2.3. Statistical Analysis

2.3.1. Sequencing Data Preprocessing

The raw sequencing reads were first subjected to quality control to obtain high-quality sequences for subsequent analysis. The cleaning process was performed using fastp (version 0.20.0) for quality control, in conjunction with FLASH (version 1.2.7) for sequence assembly. The specific steps were as follows: bases with a quality score below 20 at the ends of the reads were trimmed. A 50 bp sliding window was applied; if the average quality score within the window was below 20, the bases from that window position to the end of the read were truncated. Reads with a length of less than 50 bp after quality control were filtered out, and reads containing ambiguous bases (N) were also removed to eliminate low-quality sequences. Based on the overlap relationship between the paired-end (PE) reads, the read pairs were assembled into a single sequence. The minimum overlap length was set to 10 bp, and the maximum mismatch ratio allowed in the overlap region of the assembled sequence was 0.2; sequences that did not meet these criteria were discarded. Samples were distinguished, and sequence directions were adjusted according to the barcode and primer information at the ends of the sequences. A mismatch of 0 was allowed for the barcodes, and a maximum of 2 mismatches was allowed for the primers to ensure the accuracy and uniqueness of the sample sequences. Chimeric sequences were removed using USEARCH software(drive5) in conjunction with the Gold database, employing a combination of de novo and reference-based methods.
The operational taxonomic unit (OTU) clustering analysis process was as follows: First, non-repetitive sequences were extracted from the optimized sequences to reduce computational redundancy during the analysis (http://drive5.com/usearch/manual/dereplication.html) (accessed on 5 May 2022). Subsequently, singletons were removed (http://drive5.com/usearch/manual/singletons.html) (accessed on 5 May 2022). The remaining non-repetitive sequences (excluding singletons) were clustered into OTUs based on a 97% similarity threshold. Chimeras were simultaneously removed during the clustering process, ultimately obtaining representative sequences for each OTU. All optimized sequences were then mapped against the OTU representative sequences, and sequences with similarity ≥ 97% were selected to generate an OTU abundance table. Taxonomic analysis was performed using the UCLUST algorithm, comparing the OTU representative sequences against the Silva 18S rRNA database (v138) at an 80% alignment threshold. The microbial community composition of each sample was summarized at two taxonomic levels: phylum and genus. The phylum level reflects the overall community structure, while the genus level reveals key functional taxa.
Origin (version 2024) was used to visualize differences in community structure across the two hydrological periods (flood season and non-flood season). Microsoft Excel (version 2019) and SPSS (version 25.0) were employed for raw data organization and general statistical analysis, respectively. Additionally, the spatial distribution of sampling sites was mapped using CorelDRAW (version 2020).

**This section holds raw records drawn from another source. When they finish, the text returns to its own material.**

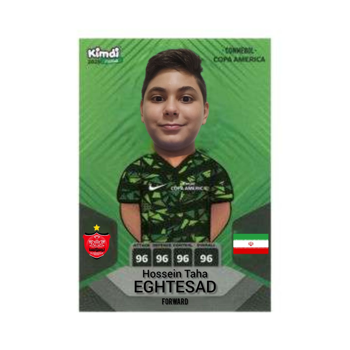 اون کیمدی ساخته شده توسط خودم با نرمافزار اینشات است من بر خلاف همیشه که در تیم رئال خود را میگذارم این دفعه ود را در تیم پرسپولیس تهران و ایران گذاشتم اگر میخواهید آموزش ساخت کارت کوپا را ببینید باید صبر کنید یاد بگیرید باید صبر کنید چه آموزشش را در سایت معتبر و ایرانی آپارات بگذارم.
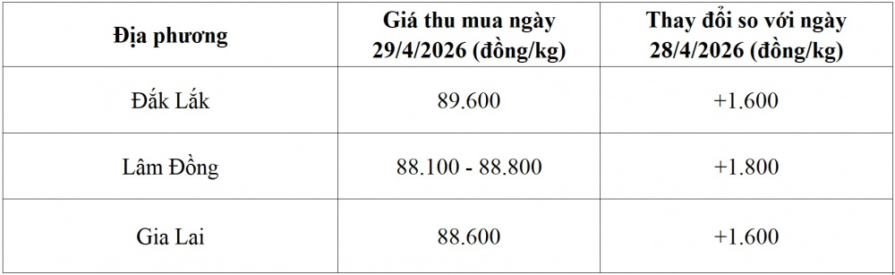 Tham khảo giá cà phê hôm nay ngày 29/4/2026 tại thị trường trong nước (Nguồn: Tạp chí Công Thương tổng hợp)
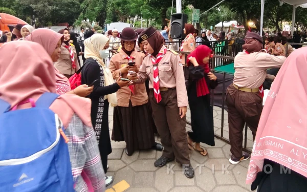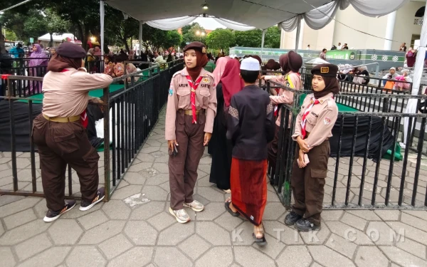 Sikap disiplin anggota Pramuka saat menjalankan tugasnya di Masjid Al Akbar Surabaya. (Foto:
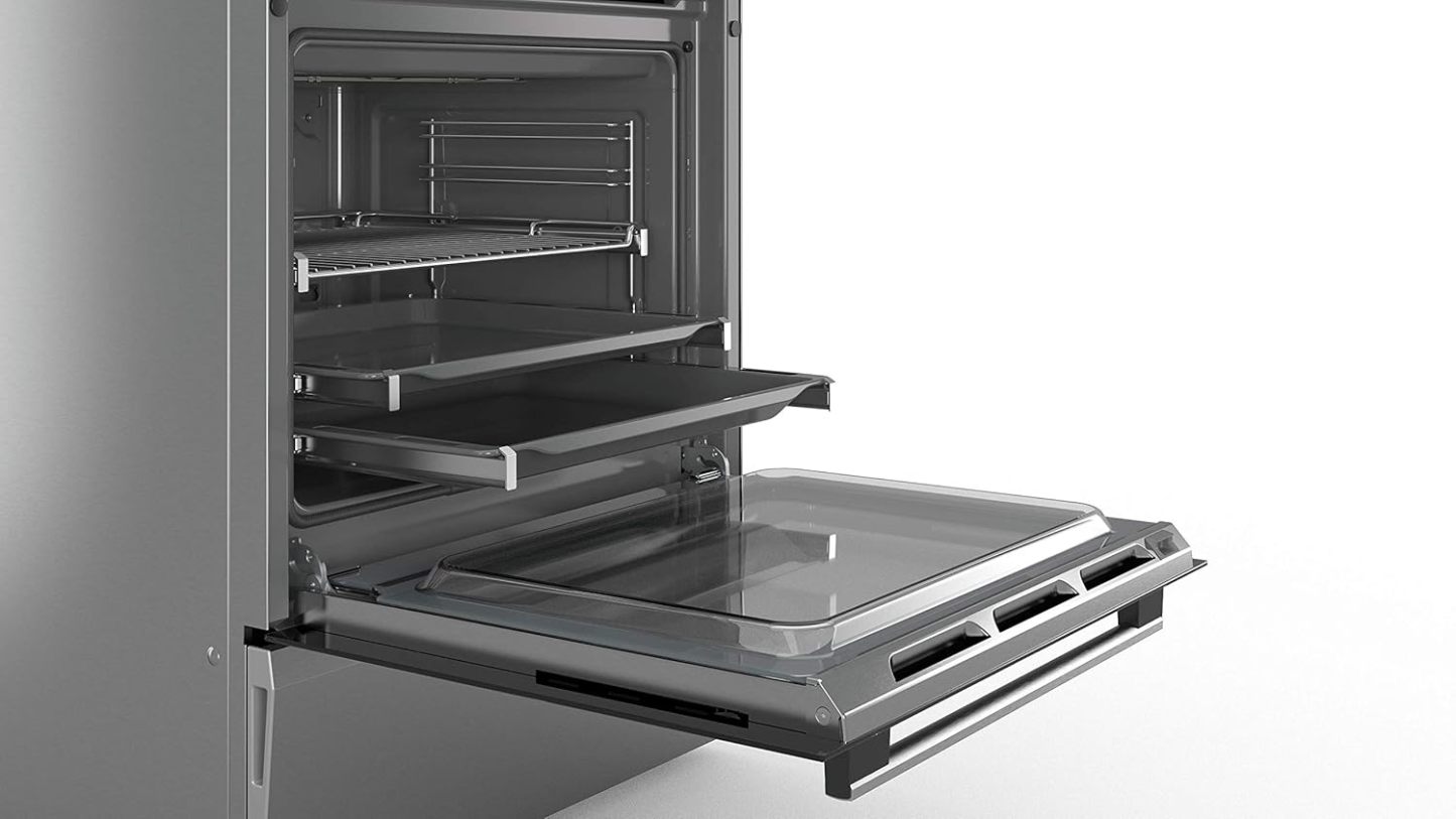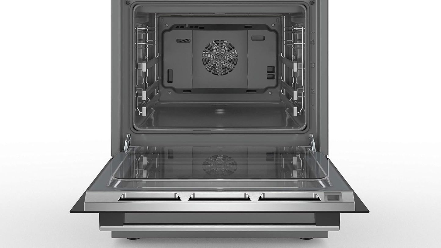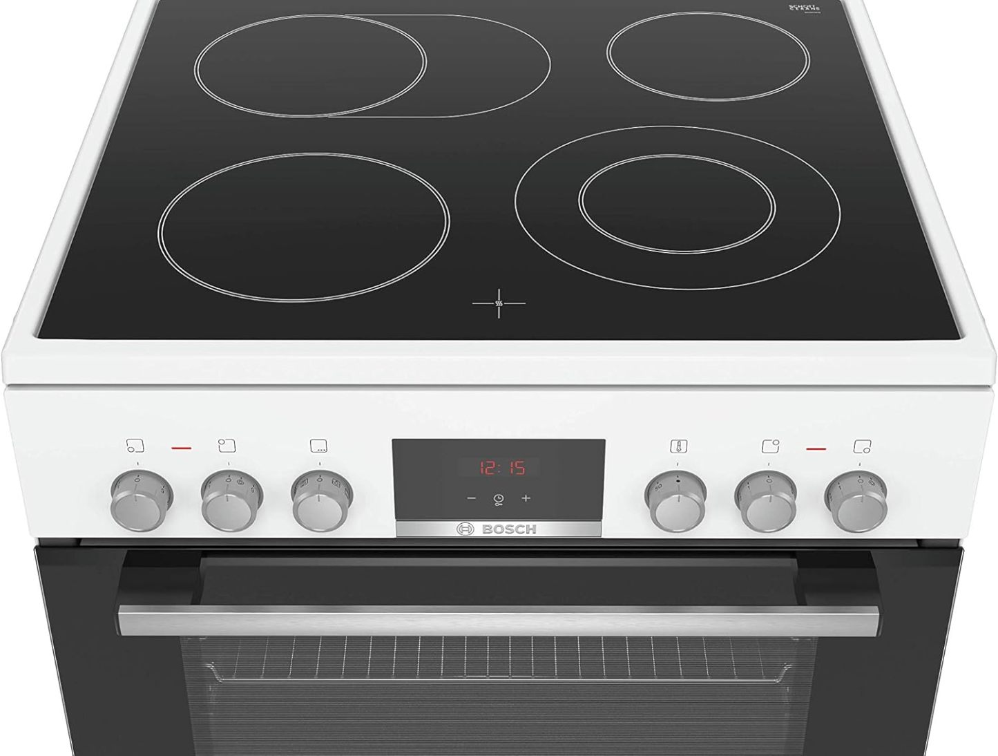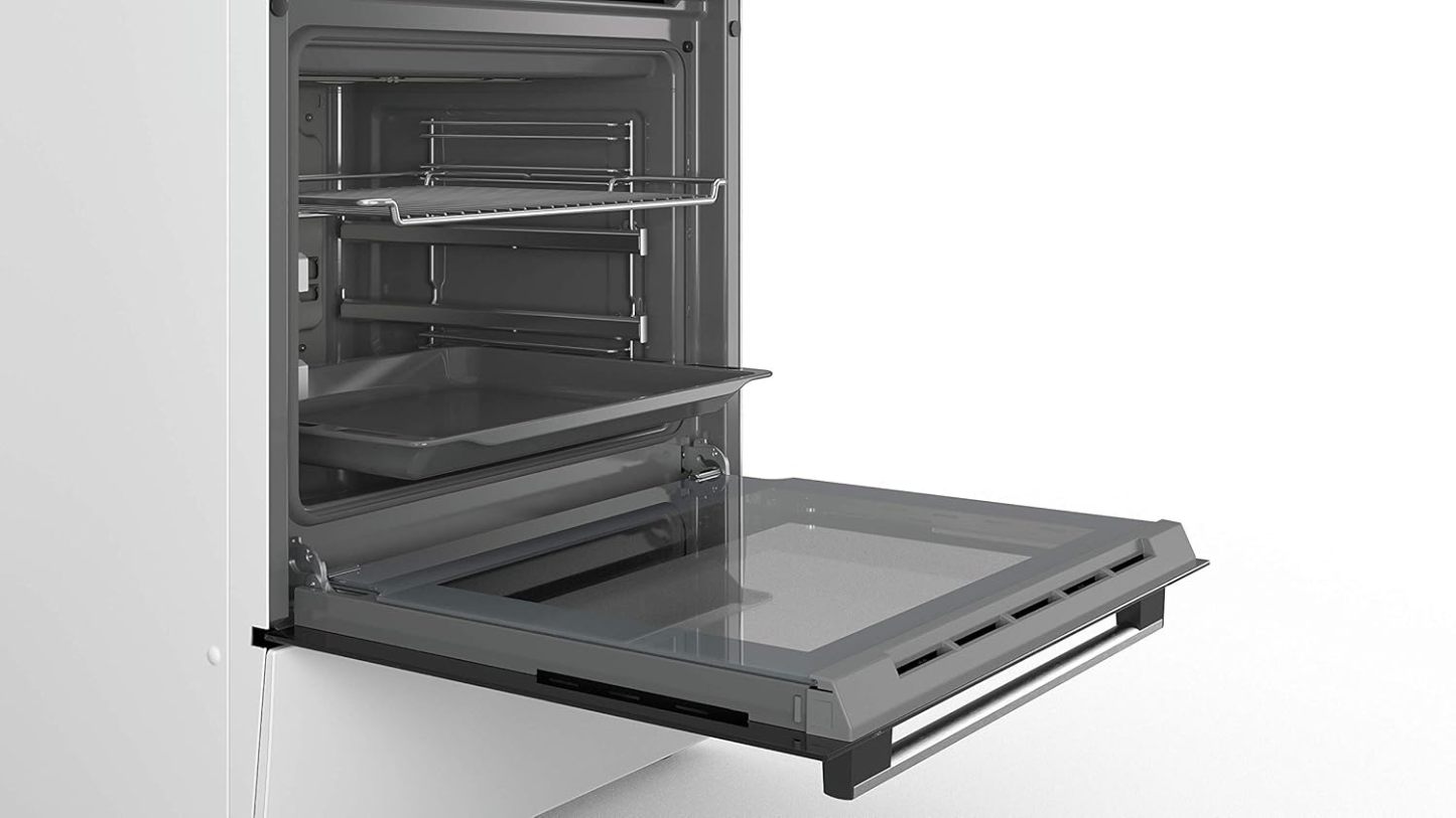 Bosch HKR39C250 Serie 4 Elektro-Standherd, 60 cm breit, EcoClean Direct Reinigungshilfe, 3D Heißluft Backen auf 3 Ebenen, LED-Display-Steuerung, erweiterbare Kochzone für großes Kochgeschirr

2.3.2. Assembly Mechanisms of Sedimentary Eukaryotic Microorganisms

Spearman correlation analysis was performed using the igraph package in R (version 4.0.4). Only correlation pairs that were statistically significant (p < 0.05) and exhibited a high absolute correlation strength (|r| > 0.8) were retained for constructing the co-occurrence network. The generated network file was imported into Gephi software (version 0.9.2) for visualization. Key microbial taxa within the network were identified based on node topological properties, such as degree centrality and betweenness centrality [27,28]. The neutral community model was fitted to assess the influence of stochastic processes on community assembly. Neutral model plots were generated using the Hmisc package in R (version 4.0.4). Based on the β-diversity of eukaryotic microbial communities, the Sørensen dissimilarity index (βSOR) was partitioned into spatial turnover (βSIM) and nestedness (βNES) components using the Baselga framework [29]. Specifically, βSIM quantifies species turnover across multi-site assemblages, explicitly controlling for the confounding effects of richness gradients to isolate compositional shifts driven purely by species replacement. βNES captures the nestedness structure of these biotas, defined here as the extent to which species-poor communities represent non-random subsets of species-rich assemblages. βSOR integrates these two components to represent the total compositional dissimilarity between sites; as a holistic metric of β-diversity, it is inherently linked to the proportional overlap of species taxa across the studied communities. By comparing the relative contributions of βSIM and βNES, the dominant community assembly processes could be inferred: whether they are primarily driven by species turnover (e.g., environmental selection, dispersal limitation) or by nestedness (e.g., non-random species gain and loss).

3. Results and Discussion

3.1. Composition and Distribution Patterns of the Sedimentary Eukaryotic Microbial Community

The number of cleaned reads after quality control was 1,605,559, with an average of 53,518.63 cleaned reads per sample and an average read length of 380.98 bp, which ensured sufficient sequencing depth for subsequent analysis. Analysis of eukaryotic communities in the water diversion rivers across different hydrological periods (selecting taxa with a relative abundance >1%) revealed that the communities were predominantly composed of Bacillariophyta, Ciliophora, Arthropoda, and Chlorophyta. Their composition and distribution patterns varied between flood and non-flood seasons (Figure 2). During the non-flood season, Bacillariophyta was the phylum with the highest average relative abundance (22.97% of the total community), followed by Arthropoda (18.99%) and Ciliophora (8.05%). Within Bacillariophyta, Actinocyclus (5.02%) and Stephanodiscus (6.87%) were the dominant genera. In the flood season, Bacillariophyta remained the dominant phylum (14.67%), followed by Ciliophora (11.75%) and Chlorophyta (7.51%). Actinocyclus (3.75%) was the most dominant genus of Bacillariophyta. Hydrodynamic changes and water quality variations induced by riverine water mass mixing may affect the structural composition and diversity of microbial communities [30]. The distribution of Bacillariophyta in freshwater environments is affected by various factors, including nutrient levels and flow velocity [31]. The relative abundance of Bacillariophyta was significantly higher in the non-flood season than in the flood season, which may be associated with variations in water quality and hydraulic conditions in the diversion rivers between the two hydrological periods.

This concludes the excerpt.